In the 2018 IPL auction the left-arm spinner was bought by Chennai Super Kings at his base price of 50 lakh rupees yet missed the whole season due to an injury. Between 2018 and 2024, he was playing for CSK. In the 2022 mega auction, he was bought by CSK.

In February 2022, he was bought by the Chennai Super Kings in the auction for the 2022 Indian Premier League tournament.

In June 2023, shortly after winning the IPL with the Chennai Super Kings, Santner joined their sister franchise, the Texas Super Kings, for the inaugural season of Major League Cricket.
During the 2025 IPL Mega auction, Mitchell Santner was bought by Mumbai Indians for 2 cr rupees.

==International career==

===2015–2019===

In April 2015, Santner was named in the New Zealand limited-overs squad for the tour of England. He made his One Day International debut for New Zealand on 9 June 2015. His first international wicket was when he trapped fellow debutant Sam Billings for 3. During the fourth ODI in the same series he hit 28 runs off Adil Rashid in one over, which is the second highest runs off one over ever posted in England. He made his Twenty20 International debut in the same series on 23 June 2015.

On 27 November 2015, Santner debuted in his first Test match against Australia, becoming the first player in history to make his test debut in a day/night test match. He hit a boundary off the first ball of his Test career.

For the 2016 World Twenty20 Santner was picked to the New Zealand squad as a premier spin bowler along with Nathan McCullum, who was playing his last international tour. In the first match against host India, Santner won the Man Of The Match award for his brilliant bowling performances, which led his team to win by 47 runs. His bowling performance of 4 for 11 is the best bowling figures by a New Zealand spinner in World Twenty20 as well. He was named in the 'Team of the Tournament' for the 2016 T20 World Cup by the ICC, ESPNcricinfo and Cricbuzz.

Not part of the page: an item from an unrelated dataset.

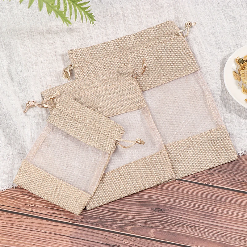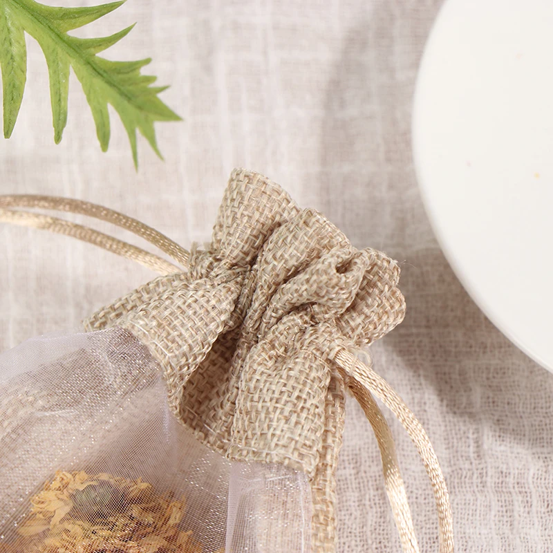 Джутовые мешки из органзы, 5 шт.лот, мешочек на шнурке для свадебве...

Santner and Jeetan Patel became the first pair of spinners to open the bowling in an ODI in the 4th ODI.

On 16 January 2018. Santner bowled Pakistani cricketer Fakhar Zaman with a carrom ball, something he had been working on for some time, but only recently brought into his international repertoire.

In March 2018, Santner was out of the Test series against England, after suffering a knee injury, ruling him out of action for six to nine months. The injury meant Santner's planned spell in English county cricket with Derbyshire and Indian Premier League during 2018 had to be cancelled.

In May 2018, he was one of twenty players to be awarded a new contract for the 2018–19 season by New Zealand Cricket.

Santner made the international comeback against Sri Lanka on 11 January 2019 in the only T20I between the teams before going on to play in four of the five ODIs against India as well as all three T20Is and then two of the three ODIs against Bangladesh later during the same summer. In April 2019, he was named in New Zealand's squad for the 2019 Cricket World Cup.

In November 2019, while playing against England at Bay Oval, Santner scored his maiden test century. His 261-run partnership with BJ Watling became the highest ever 7th wicket partnership for New Zealand in test cricket. He also took 3 wickets in the 2nd innings and became the first New Zealand spinner to take a wicket on home soil since March 2018 with 101 consecutive Test wickets in 11 innings in between having all fallen to seamers.

===2020–2024===

In November 2020, Santner led the New Zealand team for the first time in a T20 against West Indies at Bay Oval, Mount Maunganui.

In August 2021, Santner was named in New Zealand's squad for the 2021 ICC Men's T20 World Cup.

In 2022, Santner became New Zealand's 24th ODI captain when he led the team in the only ODI against Scotland in Edinburgh.

In the group stage of the 2023 World Cup against Netherlands, Santner's five-wicket haul was the first by a New Zealand spinner in a World Cup match.

On 13 February 2024, Santner is named as Captain for the T20 international series against Australia, with Tim Southee only available for Game 1. In May 2024, he was named in New Zealand's squad for the 2024 ICC Men's T20 World Cup tournament.

In October 2024, when New Zealand beat India in a test series in India for the first time ever, Santner had the fine bowling figures of 7 for 53 and 6 for 104 in the second test at Maharashtra Cricket Association Stadium in Pune.

In December 2024, Santner at the age of 32 was announced as the new New Zealand captain for ODI & T20I, taking over from Kane Williamson, starting with matches against Sri Lanka in late December and early January 2025. Coach Gary Stead said this left Tom Latham to concentrate on the test captaincy.